The data:
········
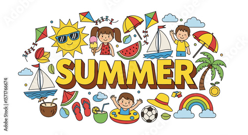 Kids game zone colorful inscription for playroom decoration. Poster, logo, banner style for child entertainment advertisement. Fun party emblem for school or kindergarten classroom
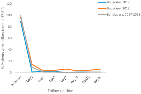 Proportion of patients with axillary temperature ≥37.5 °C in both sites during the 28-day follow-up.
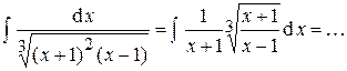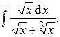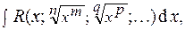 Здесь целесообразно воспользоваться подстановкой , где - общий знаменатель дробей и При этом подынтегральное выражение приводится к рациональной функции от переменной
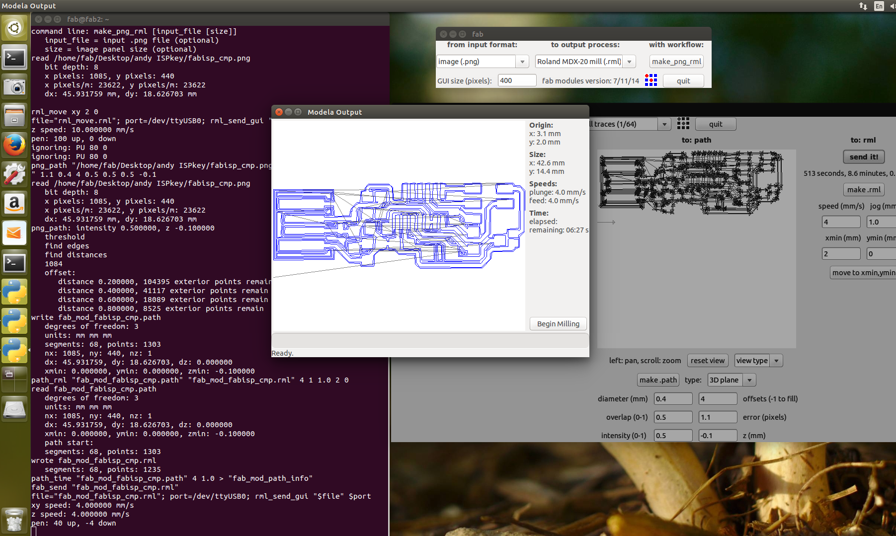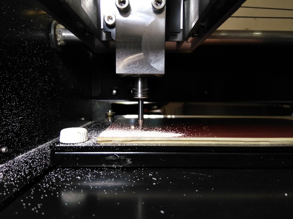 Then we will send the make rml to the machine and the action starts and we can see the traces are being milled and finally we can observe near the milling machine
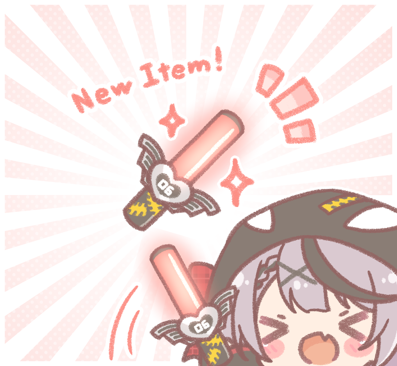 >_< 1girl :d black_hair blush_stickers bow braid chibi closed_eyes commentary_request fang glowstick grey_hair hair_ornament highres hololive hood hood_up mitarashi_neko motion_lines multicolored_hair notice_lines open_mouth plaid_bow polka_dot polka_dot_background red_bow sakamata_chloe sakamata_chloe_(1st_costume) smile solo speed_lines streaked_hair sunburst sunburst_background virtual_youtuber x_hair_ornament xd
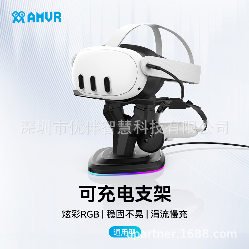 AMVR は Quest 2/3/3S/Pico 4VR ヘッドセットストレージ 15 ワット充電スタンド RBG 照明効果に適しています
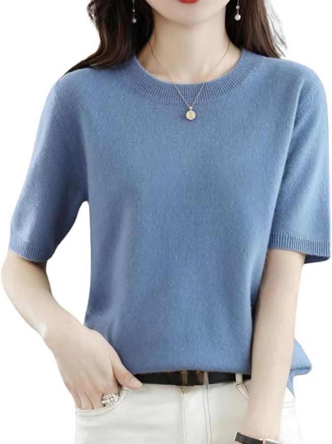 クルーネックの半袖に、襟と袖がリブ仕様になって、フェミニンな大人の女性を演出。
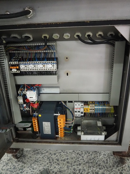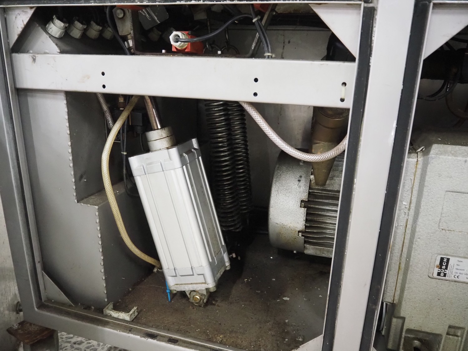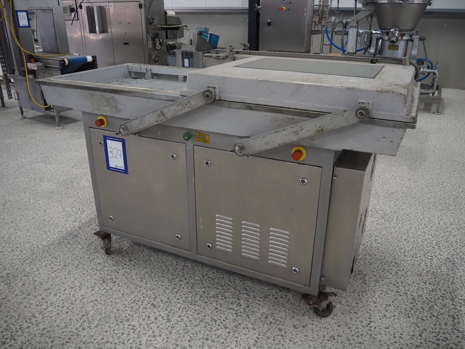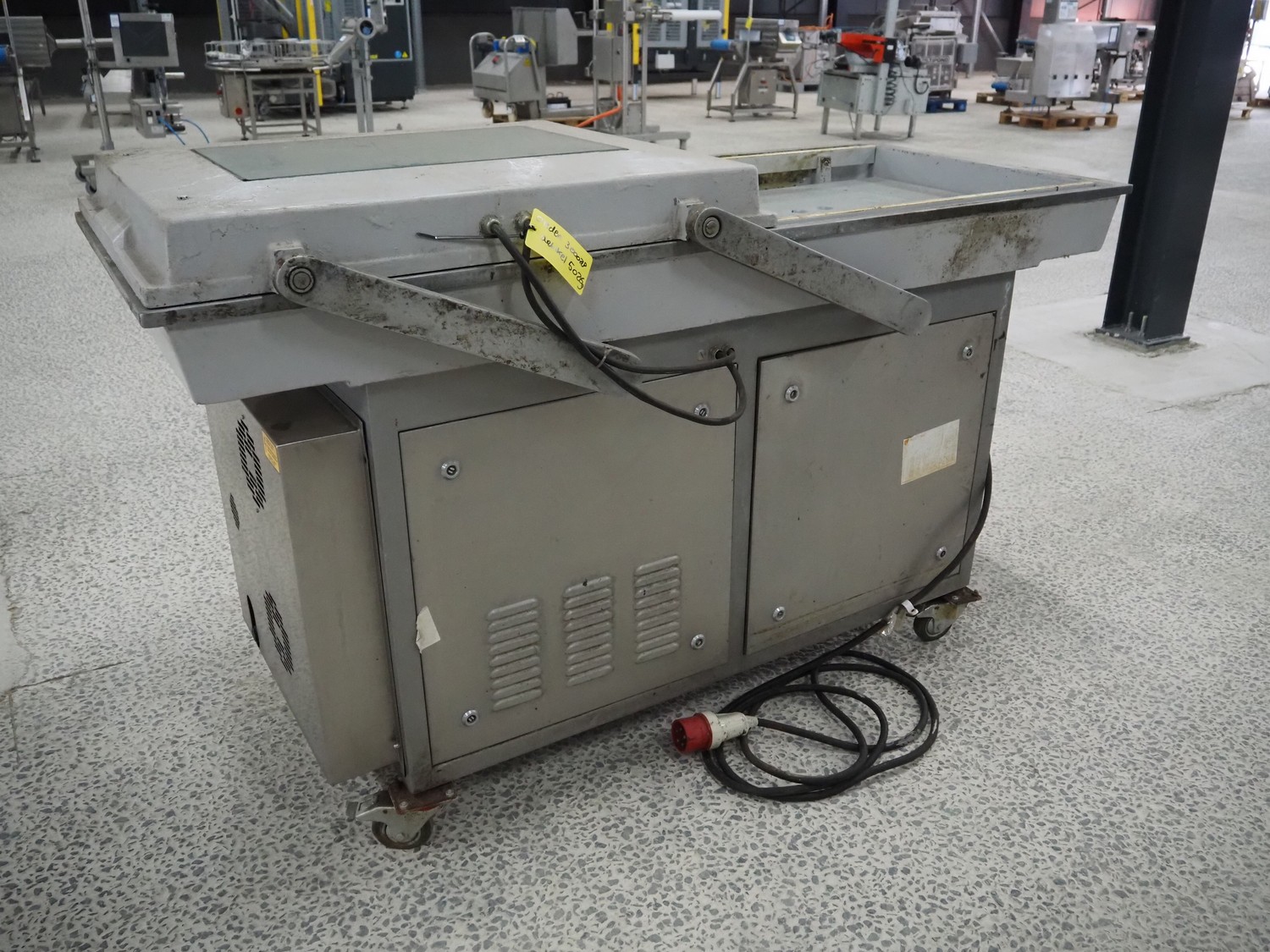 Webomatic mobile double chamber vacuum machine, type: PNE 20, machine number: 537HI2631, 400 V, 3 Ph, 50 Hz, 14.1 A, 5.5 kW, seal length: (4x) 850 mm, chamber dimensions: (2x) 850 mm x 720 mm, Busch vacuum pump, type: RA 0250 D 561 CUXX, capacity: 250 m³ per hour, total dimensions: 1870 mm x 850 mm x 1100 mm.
········
What is expected: Without the pictures, extract every entry verbatim.

Task answer:
 Kids game zone colorful inscription for playroom decoration. Poster, logo, banner style for child entertainment advertisement. Fun party emblem for school or kindergarten classroom
 Proportion of patients with axillary temperature ≥37.5 °C in both sites during the 28-day follow-up.
 Здесь целесообразно воспользоваться подстановкой , где - общий знаменатель дробей и При этом подынтегральное выражение приводится к рациональной функции от переменной
 Then we will send the make rml to the machine and the action starts and we can see the traces are being milled and finally we can observe near the milling machine
 >_< 1girl :d black_hair blush_stickers bow braid chibi closed_eyes commentary_request fang glowstick grey_hair hair_ornament highres hololive hood hood_up mitarashi_neko motion_lines multicolored_hair notice_lines open_mouth plaid_bow polka_dot polka_dot_background red_bow sakamata_chloe sakamata_chloe_(1st_costume) smile solo speed_lines streaked_hair sunburst sunburst_background virtual_youtuber x_hair_ornament xd
 AMVR は Quest 2/3/3S/Pico 4VR ヘッドセットストレージ 15 ワット充電スタンド RBG 照明効果に適しています
 クルーネックの半袖に、襟と袖がリブ仕様になって、フェミニンな大人の女性を演出。
 Webomatic mobile double chamber vacuum machine, type: PNE 20, machine number: 537HI2631, 400 V, 3 Ph, 50 Hz, 14.1 A, 5.5 kW, seal length: (4x) 850 mm, chamber dimensions: (2x) 850 mm x 720 mm, Busch vacuum pump, type: RA 0250 D 561 CUXX, capacity: 250 m³ per hour, total dimensions: 1870 mm x 850 mm x 1100 mm.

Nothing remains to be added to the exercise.